Vi sono poi le cosiddette malattie mentali.
Per quanto riguarda le malattie karmiche, le cause si possono ricercare nelle vite precedenti del malato, nel karma appunto, e quindi bisognerà agire su di esso per guarire attraverso la purificazione, la trasformazione del karma, il blocco delle concause che favoriscono l’insorgenza della malattia.
Quando parliamo di Dön (lett. “provocazioni dell’energia”) ci riferiamo a esseri non umani che hanno la capacità di influenzare le sfere di energia di una persona. Nell’antica tradizione medica tibetana, collegata alla religione pre-buddhista del Bön, esisteva una grande varietà di rituali per fronteggiare le malattie che scaturivano dal contatto con un Dön. Tutto questo non significa che con il solo rito la persona guarisca: l’azione rituale è considerata complementare ai farmaci e alle altre terapie. La terapia è quindi perfetta dal punto di vista medico quando sa coordinare tutti i tipi di intervento.

Le malattie naturali, invece, possono essere causate da errori nella dieta e nel comportamento che producono squilibrio dei 3 umori. I fattori che possono indurre gli stati patologici sono il clima, gli spiriti, la dieta e il comportamento.

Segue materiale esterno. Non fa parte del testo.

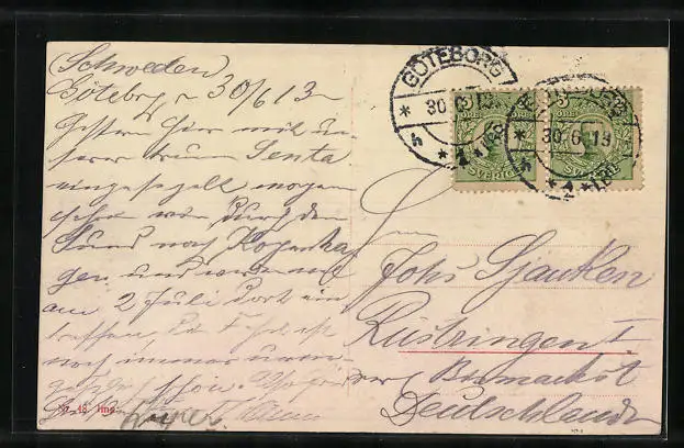 Personenbezogene Daten auf der Rückseite der Karte wurden durch blauen Textmarker unkenntlich gemacht. Die blauen Stellen sind auf die Vorderseite durchgeweicht und wirken sich negativ auf das Postkartenfoto aus
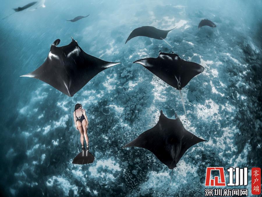 2019年7月2日報道(具體拍攝時間不詳),印度尼西亞科莫多國家公園,美國自由潛水愛好者Kristina Zvaritch一次潛水時,她的正下方恰巧游著幾只巨大的蝠鲼,這令人驚艷的一幕恰巧被她的丈夫拍下來了。當(dāng)她看到這些照片時,自己都被驚呆了。晶瑩剔透的海水使這張照片有了視覺錯位的效果,讓人以為Kristina與這些魚處于相同的高度,但實際上她離這些魚還有10-19英尺左右的距離。

Infine, le malattie accidentali possono essere causate da avvenimenti improvvisi al di fuori del nostro controllo come avvelenamenti, traumi, influenze demoniache. Tuttavia bisogna ricordare che tutte quelle descritte fino ad ora sono solo le cause prossime delle malattie. Nella visione medica tibetana la causa primaria della sofferenza, e quindi anche della malattia, è considerata l’ignoranza della reale natura dell’essere umano. Finché l’uomo non avrà conosciuto a fondo la sua natura, non potrà mai essere libero dalla sofferenza.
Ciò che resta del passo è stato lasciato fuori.